Is there any Christmas gift more bold and brave in terms of your stress level than giving a piece of new computer technology to the aged parents? It begins with dissatisfaction at the speed of their internet and the annoying propensity it has to work badly because of ‘poor signal’. Even trying to work from a back room can be trigger the program into a vaporous fainting spell. Try carrying on a conversation in Skype? It freezes up, even when you’re standing in front of the wi-fi. Oh yes, there are multiple complaints to the service provider and the usual yada-yada-yada; the long and short of which is, if you don’t want to pay the exorbitant monthly fees for their ‘deluxe’ speed package, then they insist that there’s nothing wrong with their service. Meh!
Number one son mulls over the situation. He’s convinced the router is crap and makes the bold and brave decision – a google router with two satellites to mesh would make a splendid Christmas gift. Wonderful! And now the aged one springs the trap – it will come with your assistance in setting it up…right?
Past experience might have led him to reassess the offer. We’re talking parents born in the cretaceous period. To them a router sounds like something to do with fixing a plumbing problem. When it comes to computers, they have a black thumb where nothing works the way it’s supposed to and problems arise that no one else in the universe experiences.

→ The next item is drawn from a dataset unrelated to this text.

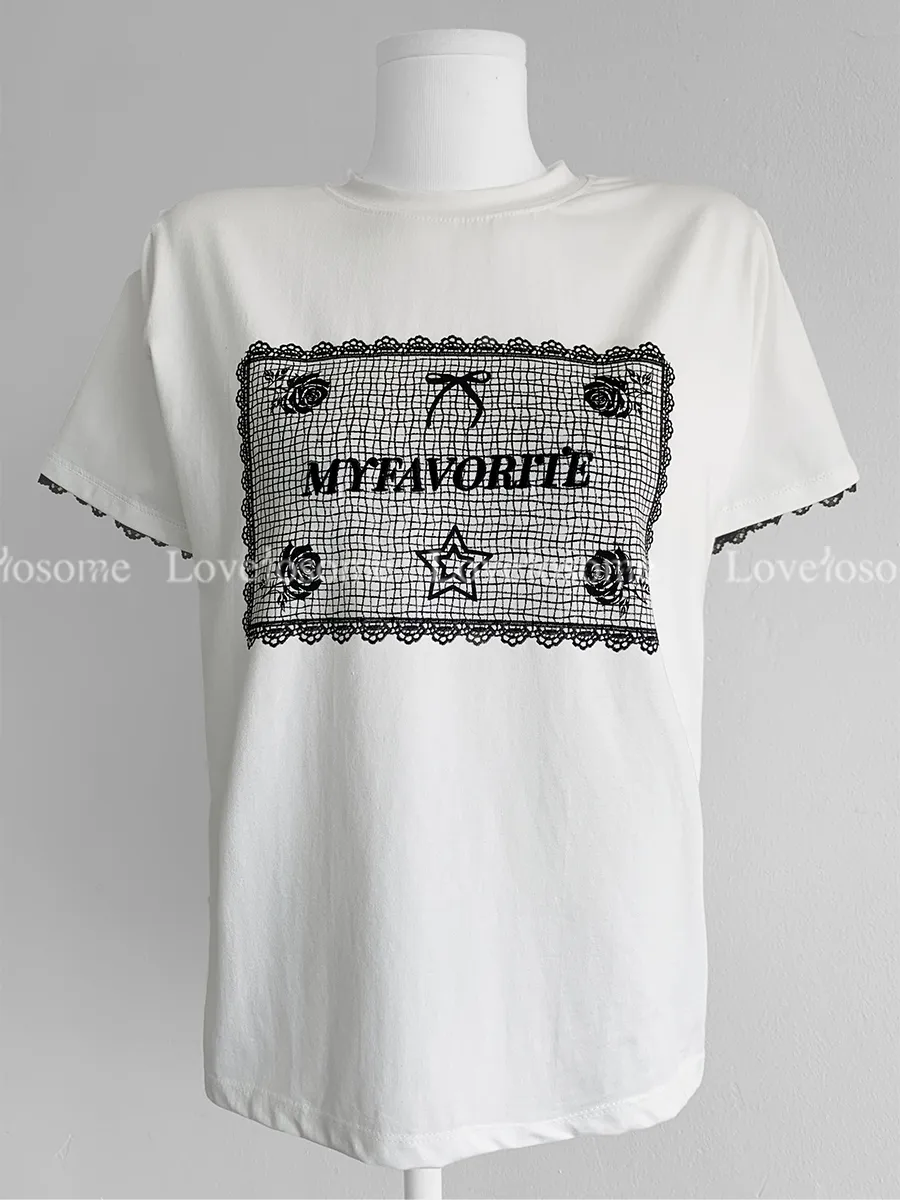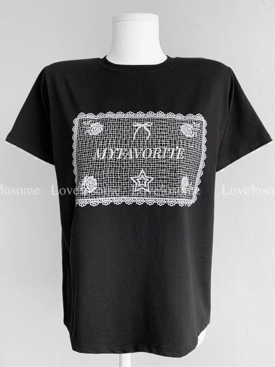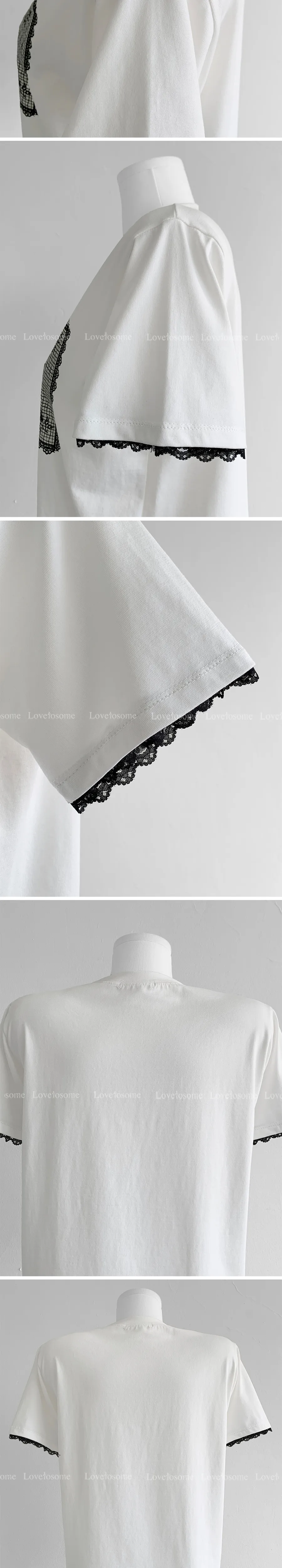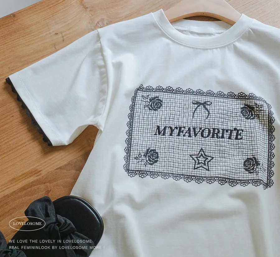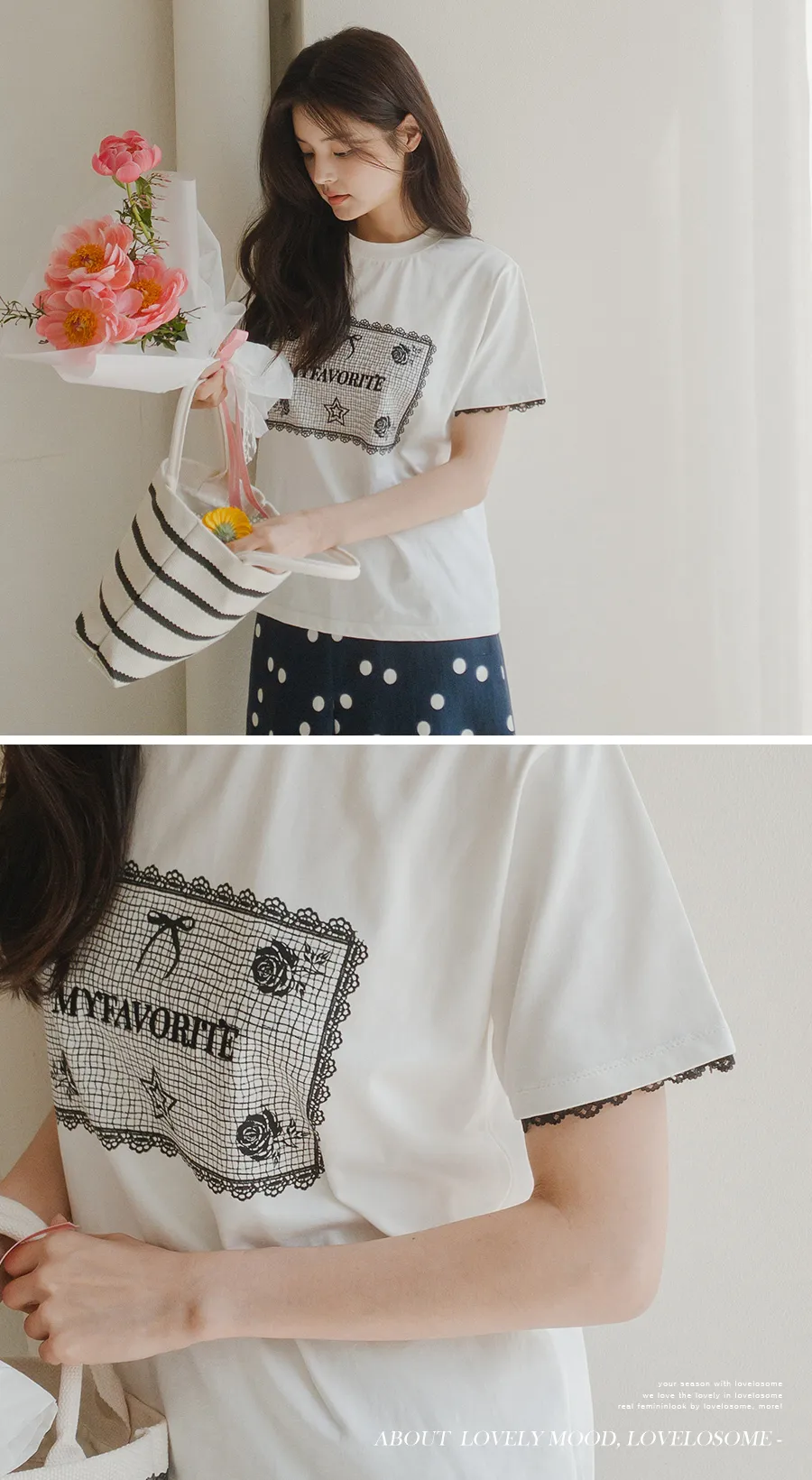 方型蝴蝶結花朵蕾絲印花點綴袖末蕾絲短袖上衣

No doubt taking the words of Admiral Farragut to heart, it’s ‘Damn the torpedos, full speed ahead!’
Christmas arrives and the new router looks lovely in its shiny box. Days pass as the significance of what you’ve done seeps into your very bones. There are unsubtle hints from the aged pair, wondering when you’ll call. Oh yes, it’s there, lurking on the horizon – the dreaded task. You’ve put it off as long as possible, but there’s only a single afternoon left before starting work again. You pick up the cell phone and hope theirs is malfunctioning. No such luck.
You take a deep breath. The usual litany begins: What button? I don’t see that. It’s not on my screen. No, that didn’t work. Why do you want me to put the dog on the phone? I’m sure I did what you said… can you think of any other twenty minute job that takes three hours? Of course the new system is a miracle – everything now works properly. Take note – the providers of cable service really do provide their lower tier customers crap routers.
And now, like all good programs, you get to fill in a short survey about your experience.
Please choose the answer that best describes your experience:
a) So helpful – it made the prospect of returning to work a relief
b) Another session like that and I’ll be qualified to teach special classes
c) I won’t need a barber if I have no hair left
d) Next time just shoot me
TL:DR Thank goodness Christmas comes but once a year. Thanks again Brendan, it really is miraculous.